Concretely, three things are co-moving:

Tool surfaces are becoming model-shaped. Nous’s Hermes Tool Search collapses large MCP tool arrays into three bridge tools once schemas exceed 10% of context. NVIDIA’s Nemotron 3 Ultra ships with configurable reasoning modes specifically tuned for agentic tool use. Anthropic added mid-conversation system messages — a primitive only useful if your harness is designed to inject per-turn instructions without breaking the cache.
Orchestration is moving inside the model context. Claude Code’s dynamic workflows and the MACU paper’s manager-dispatches-DAG pattern both push the planning graph into a single model’s reasoning rather than a framework’s control flow. The harness provides the spawning primitive; the model provides the topology.
Verification and governance are moving outside. The OCL paper’s pre-execution policy layer, LangSmith’s LLM Gateway, and Harvey’s batched verifiers all sit outside the agent loop. Decision generation is moving inward; decision checking is moving outward.

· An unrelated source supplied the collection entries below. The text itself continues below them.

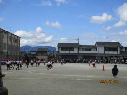 2年生の団体競技「台風の目」です。どのようにコーンを回れば,速く走ることができるかペアで考えながら練習してきました。今日の本番は,次の人に棒をつなぐため,ペアで協力しながら,一生懸命走っていました。
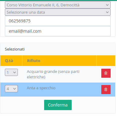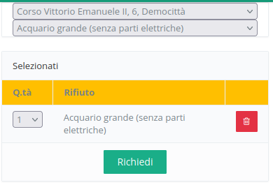 Selezionare l'indirizzo di ritiro, aggiungere gli ingombranti dal selezionandoli dal menu, ed al termine cliccare su RICHIEDI
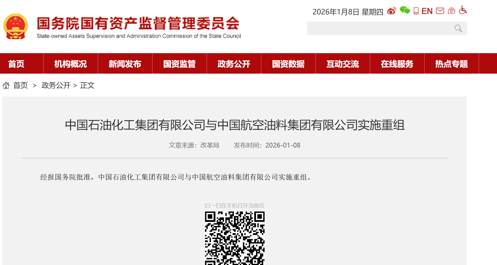 今年首例央企重组来了。1月8日,国务院国资委官网发布消息,经报国务院批准,中国石油化工集团有限公司与中国航空油料集团有限公司实施重组。在央企名录里,两家央企的序号分别为第12和第88。
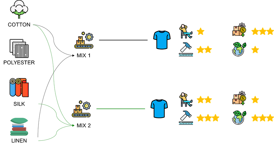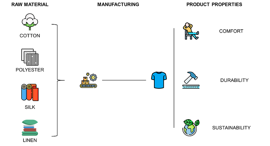 - Parameters: The quantity of each raw material used to produce a T-shirt
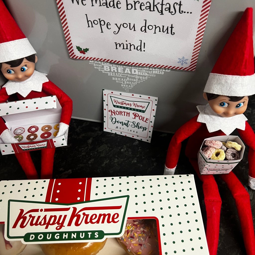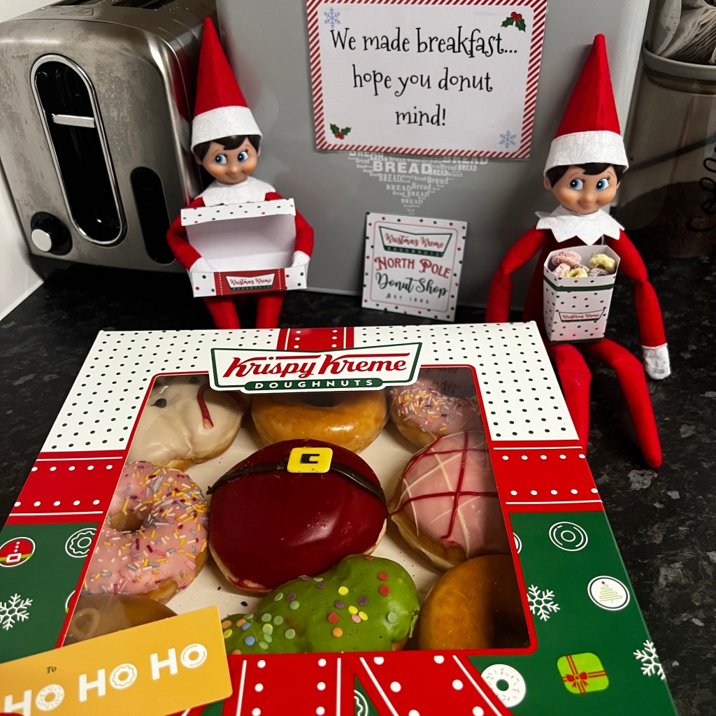 Okay, this one comes with a wholesome twist because my O.H. — who never gets involved with anything elf-related — actually surprised me on his way home from his night shift. He walked through the door holding a box of doughnuts ready for the elves’ setup (which was meant to be for today!).
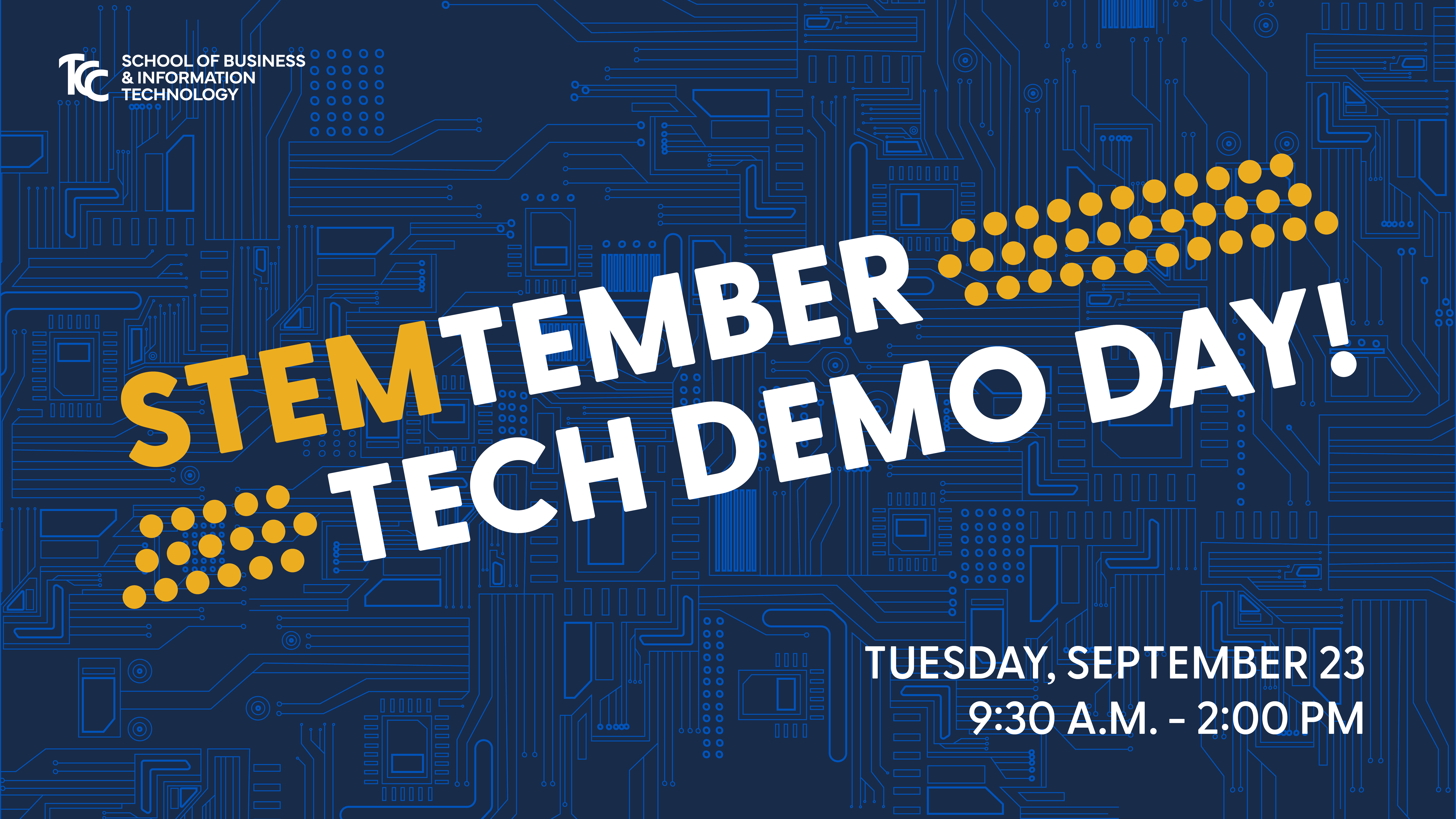 Stem-tember TCC Demo DayTuesday, September 23, 2025 at 10:00 AM until 2:00 PMCentral Daylight Time UTC -05:00Map and DirectionsTulsa Community College Southeast Campus10300 E 81st StTulsa, OK 74133United States TCC Southeast Campus - 10300 E 81st St, Tulsa OK, 74113🎯 Event Overview: Join the School of Business & IT for a Tech Demo Day and discover what TCC’s technology programs are all about!The day will feature:🚶♂️ Guided tour of the Southeast Campus🖥 Hands-on demonstrations in our Tech programs🍽 Complimentary lunch & information session on TCC and Tech career pathways🚌 Bus & Vehicle Routing· Buses: Enter through the Southeast Campus main entrance and follow signs to Building 2 (Student Success Center). Drop students off near front door of Building 2.Bus Parking: Lot 2Parent/Counselor Parking: Lots 1, 2, or 4Register Below:Registration is no longer available because the registration deadline has passed.

This is the same split that happened in databases when query planners absorbed optimization logic but pushed constraints and access control to a separate layer. The middle — the hand-tuned execution plan — got squeezed out.

What breaks if you ignore this

The practical consequence: ‘write once, swap models’ was always aspirational, but it’s now actively misleading as a design goal. If a model-specific harness profile is worth 10–20 points on tau2-bench, then a generic harness is leaving that performance on the floor every day in production. Worse, the gap will grow as models develop more idiosyncratic strengths — Claude’s effort/thinking calibration, Gemini’s long-context behavior, Nemotron’s reasoning toggle.

The Channel Fracture paper is a warning shot from the other direction. Multi-agent orchestration frameworks have silent failure modes — scheduled agents that don’t actually write to shared memory — that only show up when the harness assumes a uniform execution model that the underlying agents don’t actually share. Generic abstractions hide real divergence.

Warning

If your evals run against one model and your production runs against another, your harness profile mismatch is probably a larger source of regression than any prompt change you’re tracking. Profile drift is the new prompt drift.

What to do differently

A few concrete shifts worth making now:

Treat the harness profile as a first-class artifact. Version it per model family. When you change models, expect to rewrite middleware, tool descriptions, and effort settings — not just the model string. Test the combination, not the model.
Decide where orchestration lives, explicitly. Either the model writes the plan (Claude Code dynamic workflows, Deep Agents style) or your framework does (LangGraph subgraphs). Hybrid systems where both try to plan are the ones that produce the most confusing traces. Harmonic’s experience suggests that when the model is strong enough, pushing structure into the model wins on iteration speed.
Move verification out of the loop. Batched LLM-as-judge, pre-execution policy gates, and gateway-level redaction are cheaper and more debuggable than mid-loop checks. The OCL and Harvey results both point to the same architecture: a fast inner loop and a separate, model-agnostic verification layer that doesn’t need to match the agent’s model.
Plan for model-authored harnesses. If you’re building tooling for agents that spawn subagents at runtime, your observability needs to handle a dynamic topology — the trace structure isn’t known until execution. SIR-style structured trace analysis and trace-as-primary-artifact tooling get more important, not less, as the graph stops being declarative.

The portable, model-agnostic agent harness was a useful fiction for early prototyping. In production, the harness is becoming a tightly coupled assembly of model, profile, and verification layer — with the agent itself increasingly responsible for authoring its own execution plan inside that assembly. The engineering work is no longer about designing the perfect graph. It’s about designing the smallest harness that lets a specific model plan well, and the strongest external layer that catches it when it doesn’t.